When the Cainozoic or so-called Tertiary deposits of Australia were found to be fossiliferous in some parts, great interest was excited respecting the possibility of the Echini being able to afford satisfactory evidence regarding the geological age of the strata in relation to the European types. It was hoped that the fossils of this great group would present some of the anomalies which characterize almost every class of organism found in the great distributional province; and it was thought to be probable that relics of very ancient forms would be discovered. But the number of species of Echini which were found in the marine deposits beneath the older basalt was small; and at the commencement of their study the amount of knowledge of the living Echinodermal fauna of the coasts and neighbouring seas was not great; consequently disappointment ensued. Year by year more specimens of the fossil Echini have been discovered, and careful collecting has produced many with their ornamentation wonderfully preserved; and, contemporaneously, the labours of Gray, Agassiz, and others, increased our knowledge of the recent Australian fauna.

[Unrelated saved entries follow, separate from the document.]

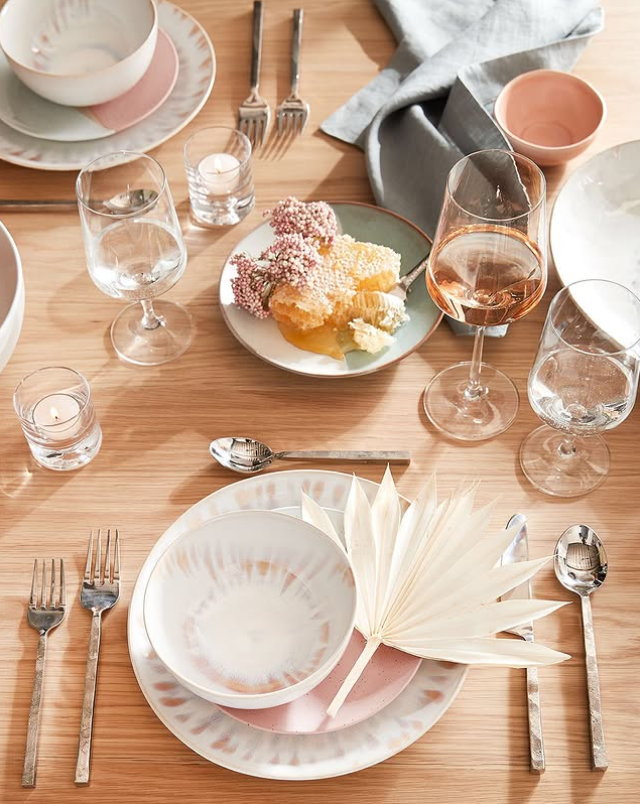 This fresh and inviting tablescape showcases registry must-haves like chic dinnerware, glassware, and cozy table lamps that create a welcoming atmosphere.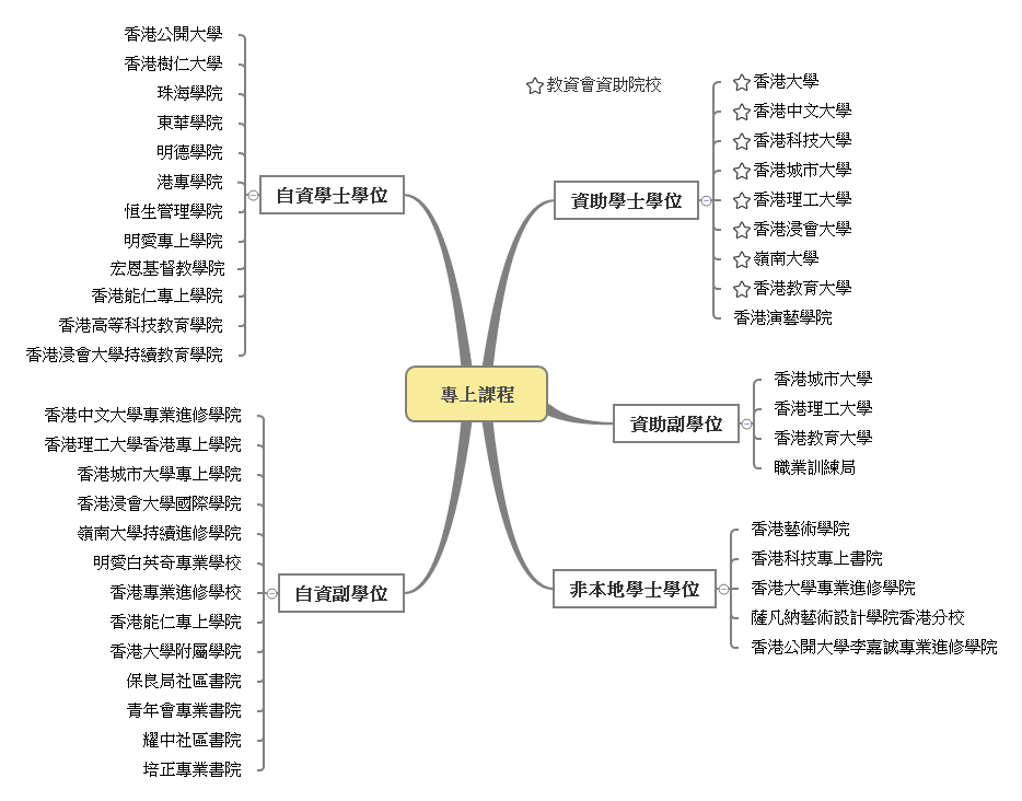 大專課程有五大種類,分別是:政府資助學士學位課程(主要由八所資助大學開辦)、自資學士學位課程(主要由公大、仁大、及認可專上學院開辦)、政府資助副學位課程(主要由理大、教大及職業訓練局開辦)、自資副學位課程及非本地學士學位課程(由其他專上院校開辦)。點擊顯示說明圖。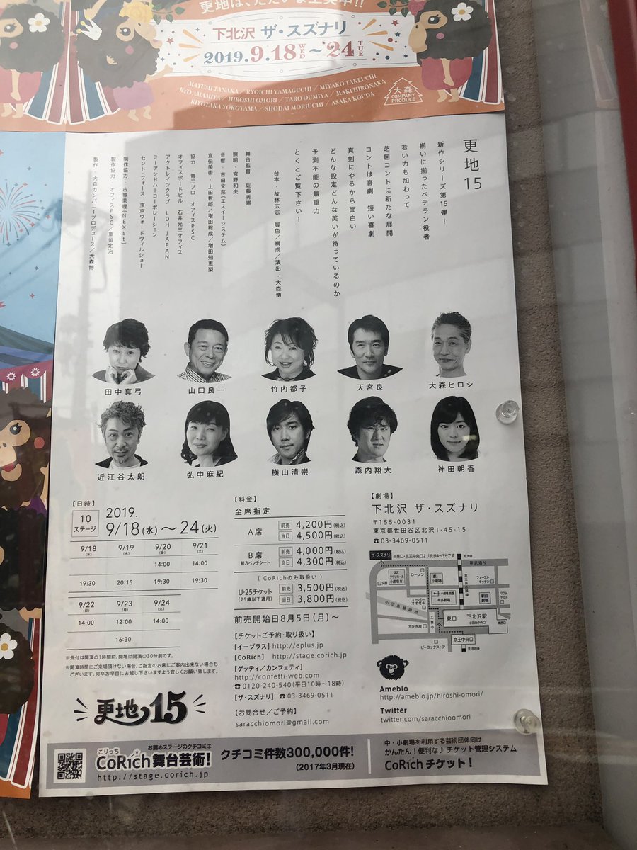 ザ・スズナリで、 大森カンパニーの更地15 横山さん出演の舞台ようやく観れました。笑ったー。 本日、千秋楽とのこと。 お疲れ様でした。 また次の舞台も、楽しみです! 場所: ザ・スズナリ https://t.co/7mI90jTDcl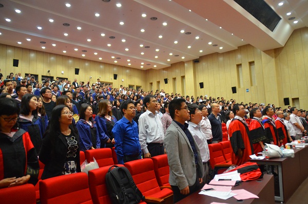 典礼开始前,现场人员共同观看欣赏了公司宣传视频和毕业视频。下午二时许,典礼在庄严雄壮的国歌中拉开序幕。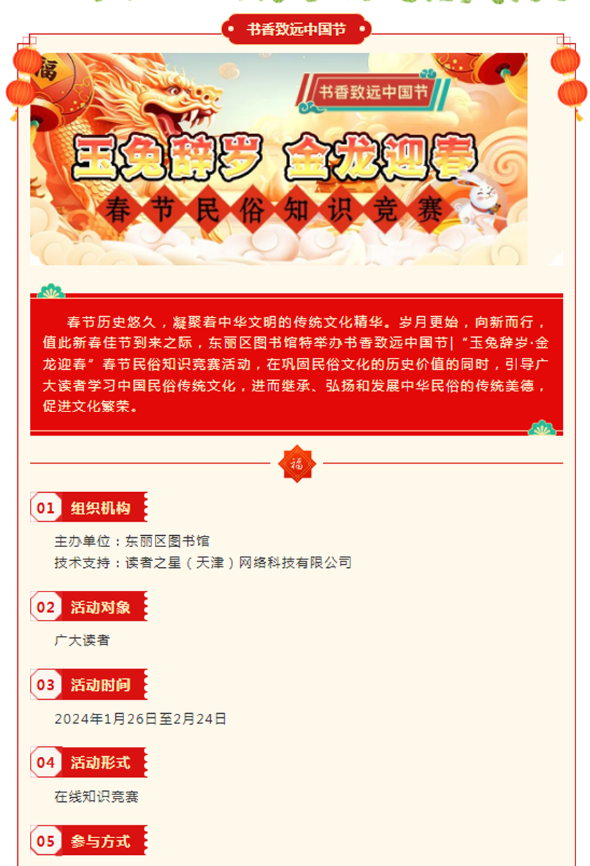 【图书馆里过大年系列活动】| 书香致远中国节——“玉兔辞岁 金龙迎春”线上春节民俗知识竞赛开始啦!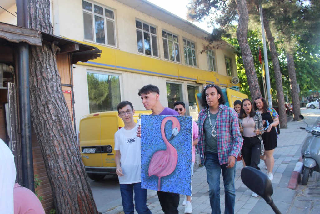 Öğrenciler eğlenceli müzik eşliğinde şehir içinde yürüyerek ada halkını akşam saatlerinde Kent Müzesi Bahçesi’nde gerçekleşecek olan etkinliklerine davet etmişlerdir. Davetlerinin ardında Duygu Yetiş tarafından yönetilen ve Gökçeada Atatürk Anadolu Lisesi Tiyatro Kulübü öğrencilerinin çalıştay süresince konuşulan konularla ilgili esprili bir şekilde doğaçlama şeklinde sergilenen oyunu katılımcılar tarafından büyük bir beğeni ile izlenmiştir.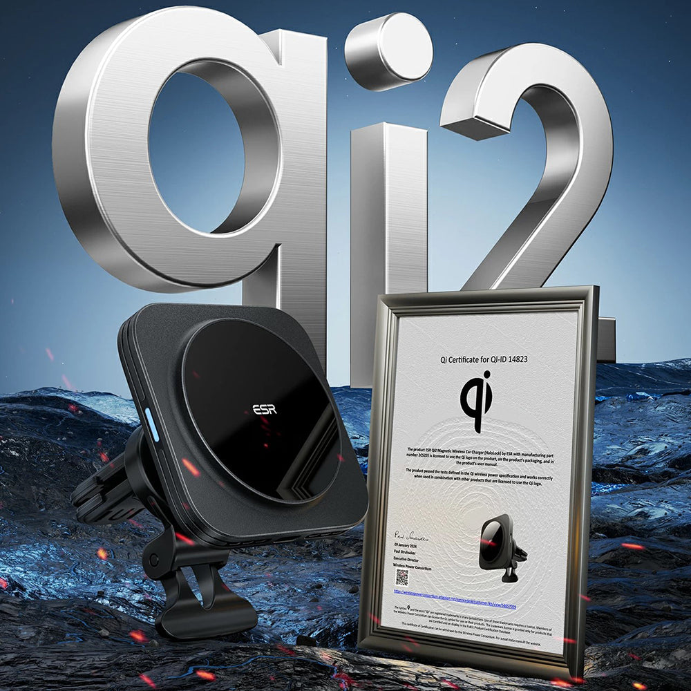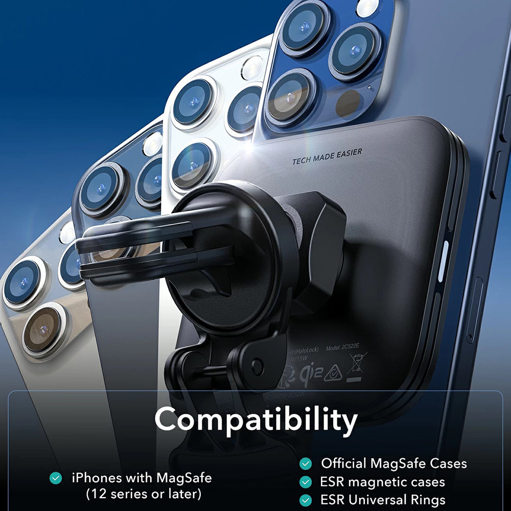 Halolock QI2 è allo stesso tempo un supporto stabile e un caricatore senza fili che può essere montato sulla griglia di ventilazione o sul cruscotto dell'auto.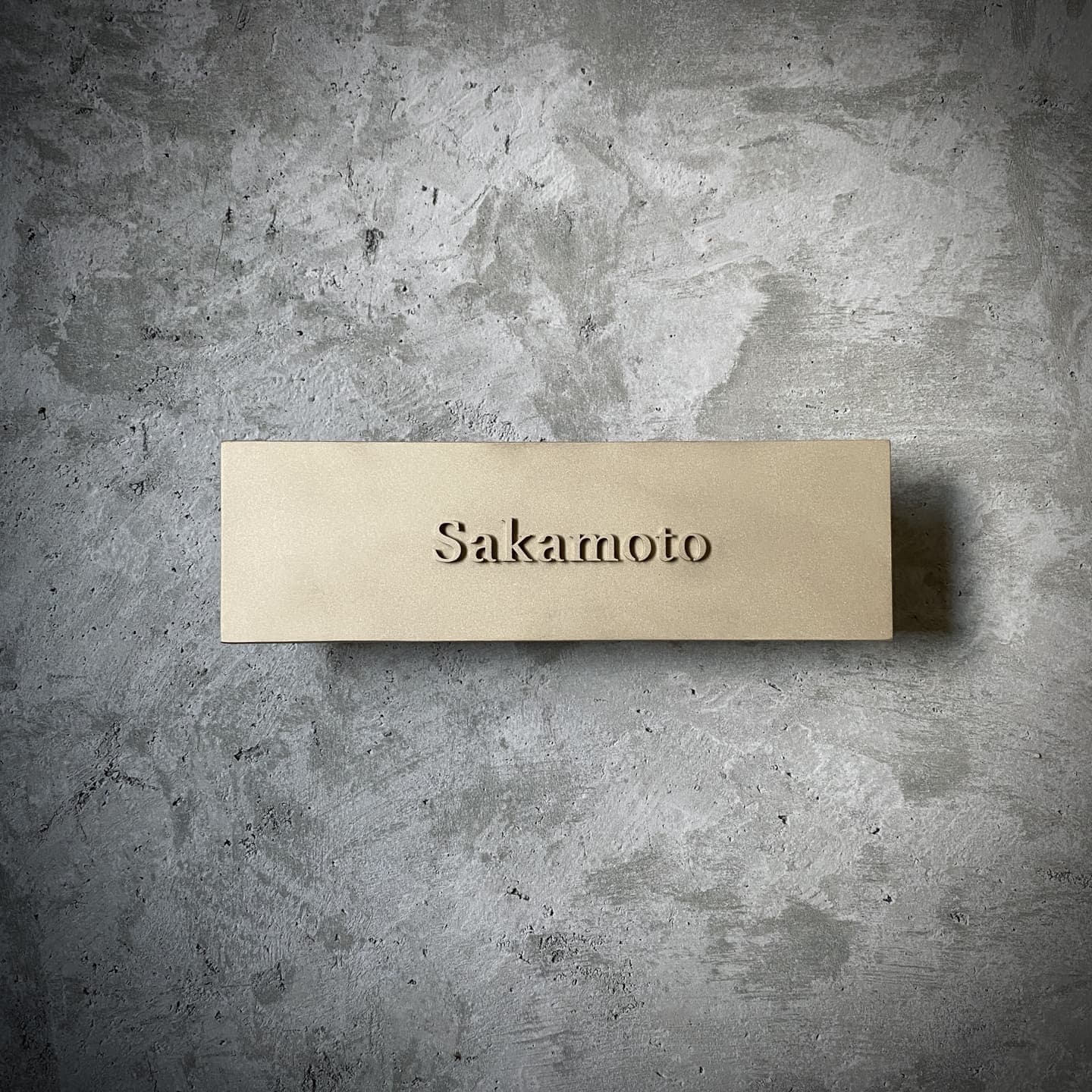厚み10mmのプレート(真鍮orステンレス)より文字部をくり抜き、くり抜いた箇所に12mmの切り文字を埋め込む工法の表札です。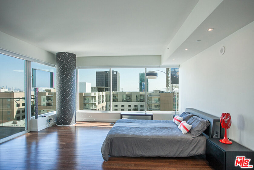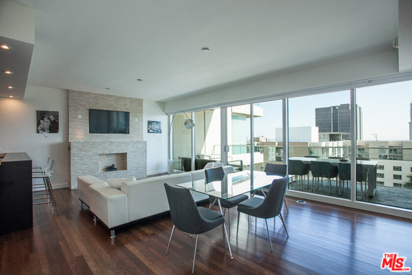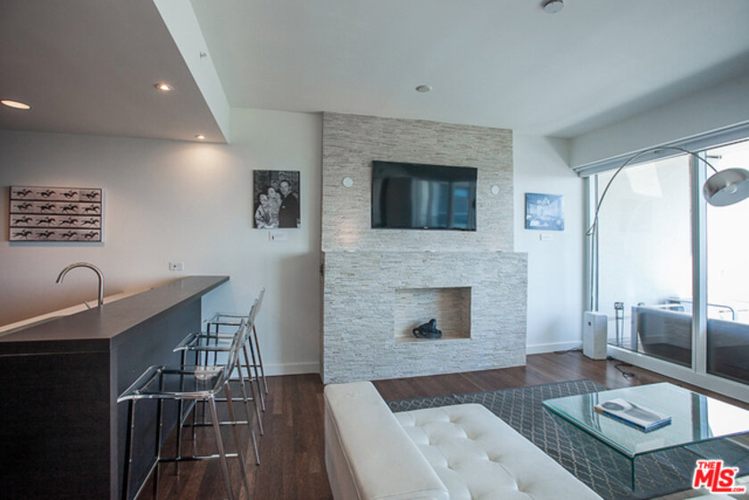 W Hollywood: Large one-bedroom south-facing penthouse. Huge views from terrace and master bedroom spanning from DTLA skyline to Century City and nighty sunsets. oversized, private 216sf terrace, glass-enclosed master bedroom. feature wall with fish tank display, large stone fireplace, upgraded master bath, laundry closet, open floor plan. Enjoy an oasis in the heart of Hollywood with all the amenities offered by this full service building including 24 hour concierge, valet, security, room service, roof top pool and event deck, dog park, fitness center, outdoor grills and private screening room. The only new-cosntruciton, full-service condo building in the heart of Hollywood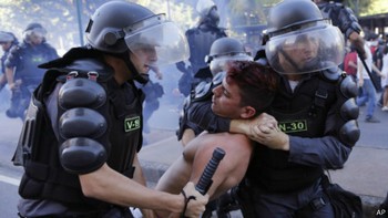 Os protestos até aconteceram durante a Copa, mas em uma escala bem menor do que os de 2013. E os poucos que aconteceram acabaram sendo reprimidos com vigor pela polícia, que tinha como objetivo manter os manifestantes longe do estádios. Principalmente em São Paulo, no dia da abertura, e no Rio de Janeiro, no dia da final, foram registradas ações fortes da policia, deixando feridos e presos.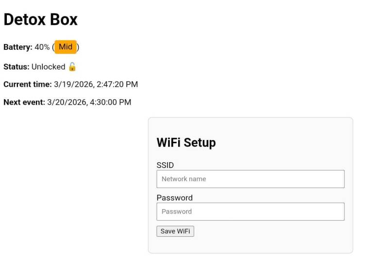 Het instellen van je Detox-Box is eenvoudig. Verbind je toestel met de ingebouwde WiFi van de Detox-Box. Verbind de box daarna via de webpagina met je thuis WiFi-netwerk en begin met het plannen van je 'detox'-momenten. De box is volledig oplaadbaar via USB-C, zodat je altijd klaar bent voor je volgende focus-sessie.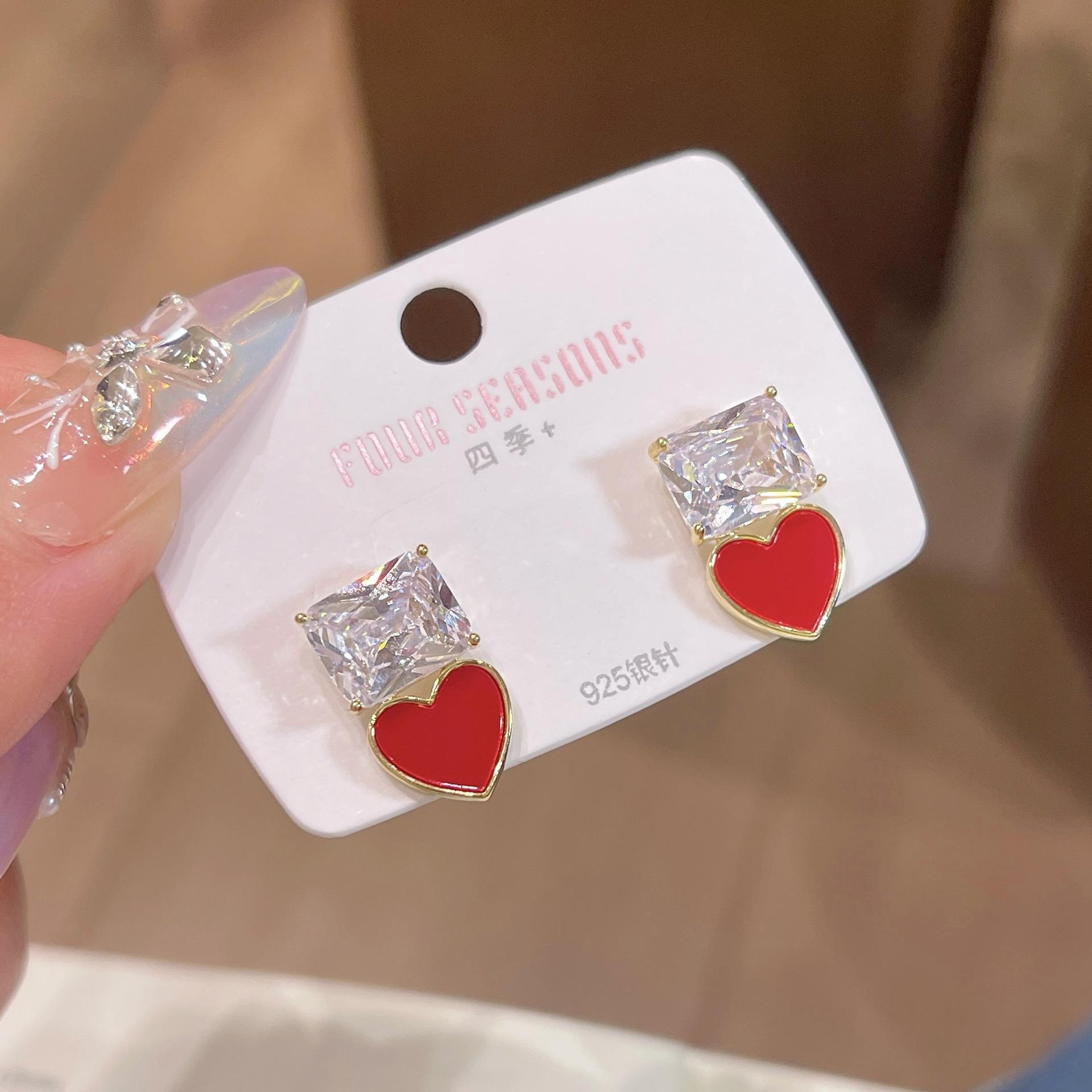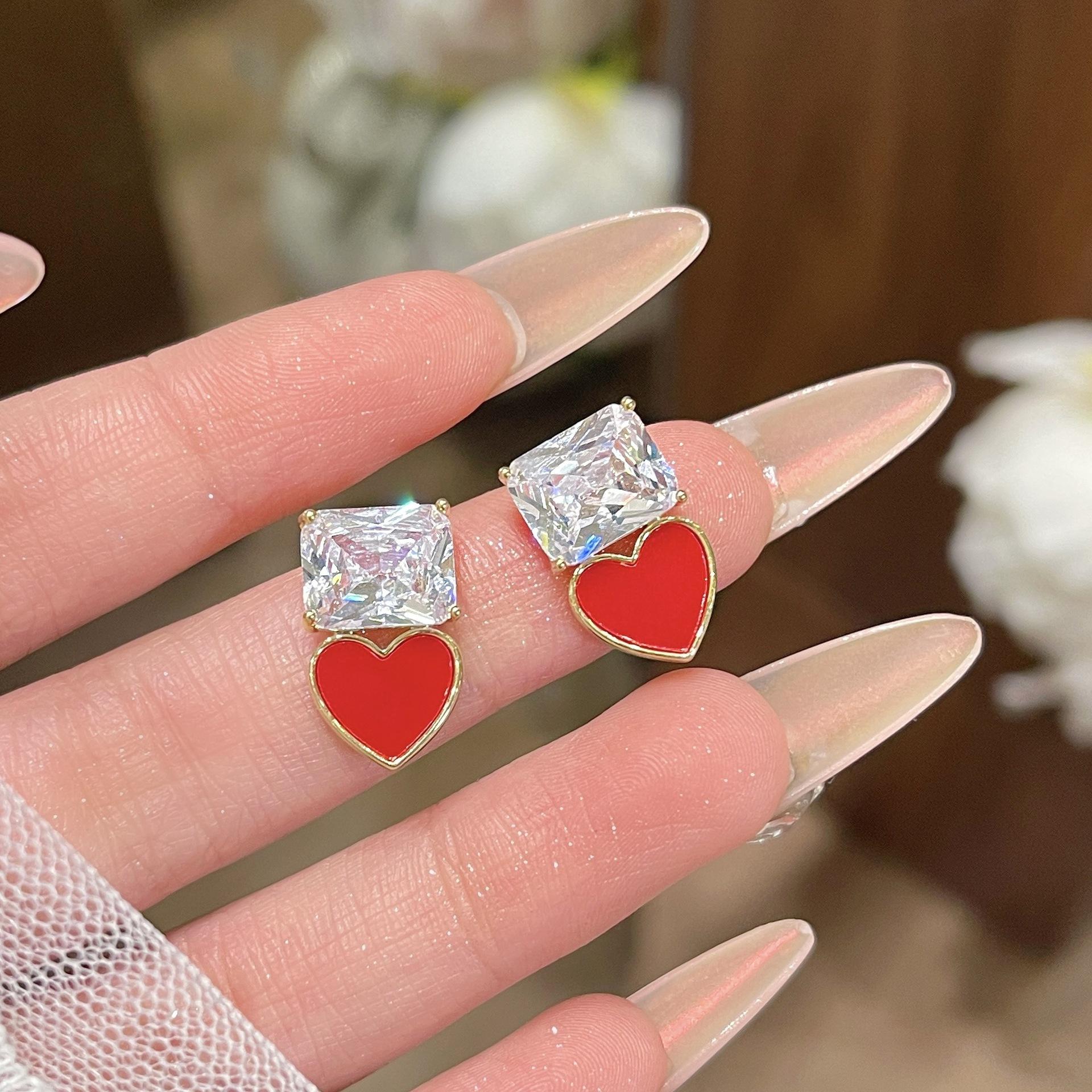 Compra Pendientes de circonita transfronteriza, sencillos y combinables, elegantes, ligeros, de lujo, de alta gama, con diamantes rojos, pendientes de amor para mujer. al por mayor en Joom.pro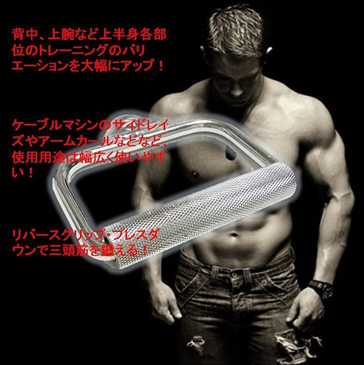 ・ラットマシンやマルチマックスなどケーブルマシンのアタッチメント。ケーブルクロスオーバーなど、ケーブルトレーニングには欠かせないアイテム。片手でプッシュを行うときにご使用ください。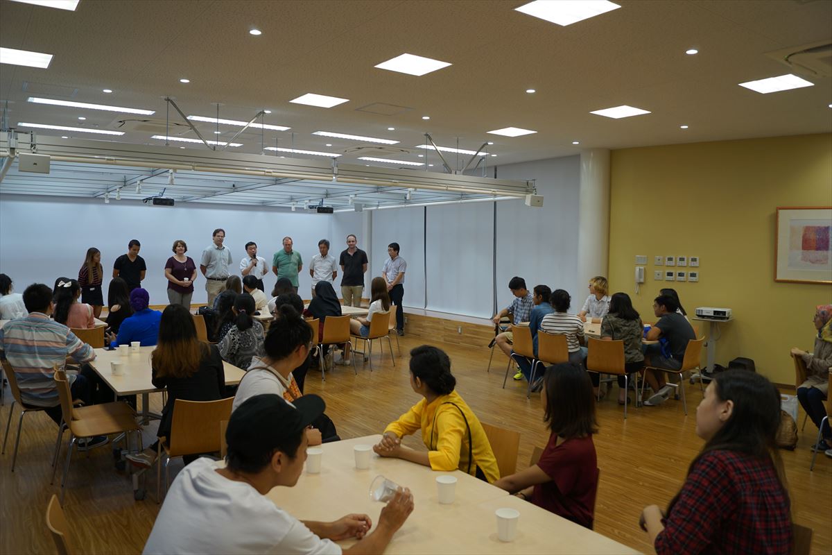 They were from 18 different countries in Asia, Europe, North and Middle America, and Africa. Communicating in English, Japanese, or other languages, they enjoyed the multicultural atmosphere at the party, never running out of things to talk.

Of necessity, therefore, the literature of the fossil Echini of Australia is scanty; and those palæontologists who have contributed to it have only paid attention to the relation of the forms to those of other geological ages, and neglected to consider the affinities with the existing fauna.

The principal contribution to the Echini of the Australian Tertiaries is that of Laube, "Ueber einige fossile Echiniden von den Murray cliffs in Süd-Australien," in the 'Sitzungsberichte der mathematisch-naturwissenschaftlichen Classe der kaiserlichen Akademie der Wissenschaften zu Wien,' 1869, p. 183. He described several species new to science, and established two new genera. The species noticed were Psammechinus Woodsi, Catopygus elegans, Echinolampas ovulum, Micraster brevistella, Eupatagus Wrighti, E. murrayensis and Hemipatagus Forbesi; and the new genera were Paradoxechinus, species P. novus, and Monostychia, species M. australis.